A jury in the Circuit Court sustained the will, and the appeal comes here from that judgment.

There are but two exceptions, and counsel for the appellant stated at the bar and in the printed argument that no reliance was put on the second exception.

The issue made by the first exception is, therefore, the only matter up for consideration.

That issue arises out of the exclusion of an expected answer by the witness, Lucas, sworn by the contestants.

One of the witnesses to the will was Wade H. Spires.

The contestants were charging that the will was a fabrication.

The witness, Lucas, was asked if he had aforetime talked with James H. Spires, the testator, about Wade, the witness.

The relevancy of the expected answer counsel say was to suggest to the jury the inference that the testator would probably not have called as a witness to his will a man about whom he held an indifferent opinion.

Counsel for the contestants thus stated at the instant his idea of the competency of the testimony: "Here is a man, Wade Spires, who claims that James H. Spires met him here in Lexington and invited him to go to that gentleman's office and witness his will, and that he did witness it. Now, we want to show the relations between James H. Spires and Wade H. Spires from the mouth of the testator himself."

And in the printed argument the case is thus stated: "The evidence was sought simply to bring to the attention of the jury the fact that the deceased had no confidence in the witness and for that reason would not have selected him among all the people present at that place to manage for him the gathering of the witnesses and to overlook the execution of the most important instrument that he had executed during his life." *375

The question was plainly allowable; and if Lucas had answered that James had no confidence in Wade, the answer would have been competent.

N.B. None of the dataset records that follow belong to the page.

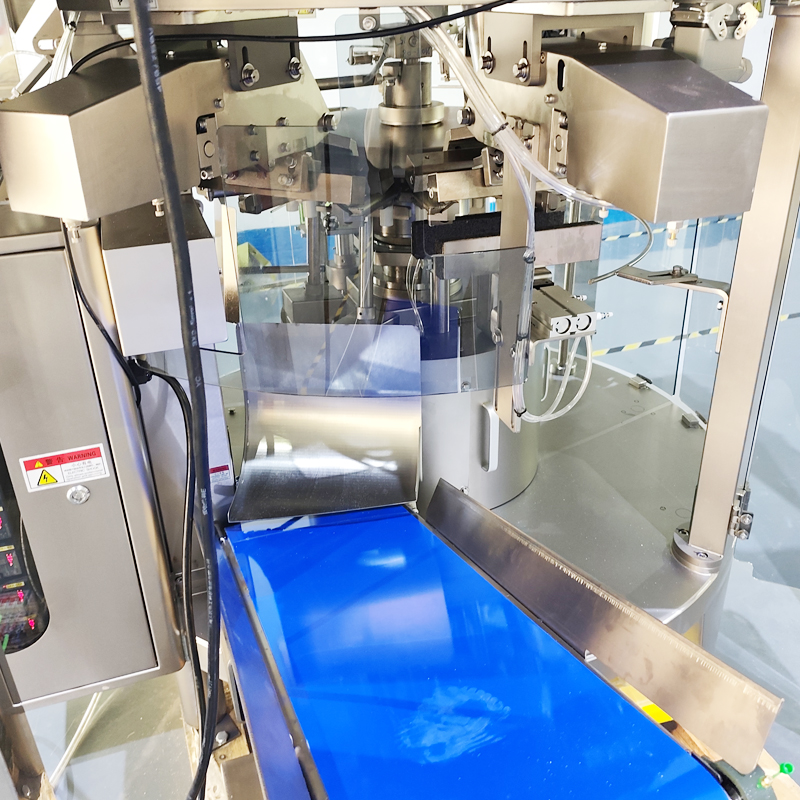 南京星火包裝機械有限公司推出了一款給袋式顆粒食品包裝機,在機器頂部采用了一套四斗線性秤對物料進行自動稱重下料,圓形旋轉式八工位給袋裝置,自動抓取提前預備好的預制袋,并自動完成后續(xù)的一系列包裝流程。給袋式顆粒食品包裝機采用電子秤計量重量,也可以根據不同顆粒的特性(如密度、流動性、顆粒大小等)和包裝精度要求,靈活選擇合適的計量方式(電子秤計量、螺桿計量、容積杯計量等多種計量方式),保證每個包裝的重量都一致,誤差控制在±0.5%之內。整機結構設計合理,配備先進的封口裝置,采用熱封、冷封、超聲波封口等多種封口技術,無袋不下料,不開袋不下料,不會浪費物料,而且每個部件的設計都協調合理,安裝拆洗方便快速??Х榷棺詣影b機械的應用成功的實現了從自動上袋、計量下料、封口、打碼到成品輸出的全流程自動化操作,用包裝機械代替了絕大部分的人力勞動,不受人為因素影響,產能保持穩(wěn)定。
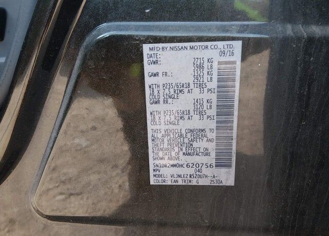 VIN 5N1DR2MM0HC620756 may have been
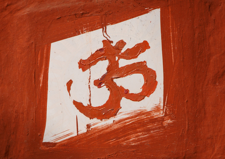 Om sign painted on wall of Hindu temple in India

Lucas might have testified that James and Wade were sworn enemies, because he saw them fight and swear at one another.

The competency of that testimony will not be denied.

Of the same character of evidence is James' declaration to Lucas of such enmity.

Such a declaration is as good evidence of James' opinion of Wade, as would be James' oath to the opinion. See Jones on Ev., sec. 483.

The Court might well have allowed the answer; but a refusal to do does by no means, under the circumstances of the case, work a reversal of the judgment.

The tendency of the refused testimony was to prove that Wade was not a witness to an authentic will, for the reason that James would not have called him as a witness, and for the reason James had spoken disparagingly of Wade.

But six witnesses, other than the witnesses to the will, testified that James and Wade were at Lexington Courthouse the day on which the will bears date; four witnesses, other than the witnesses to the will, testified that James and Wade and the two Williams, who witnessed the will, were together in the office where the will was executed; two witnesses, other than those who signed as witnesses, testified that James asked Wade to steady his hand as he held the pen to subscribe his name.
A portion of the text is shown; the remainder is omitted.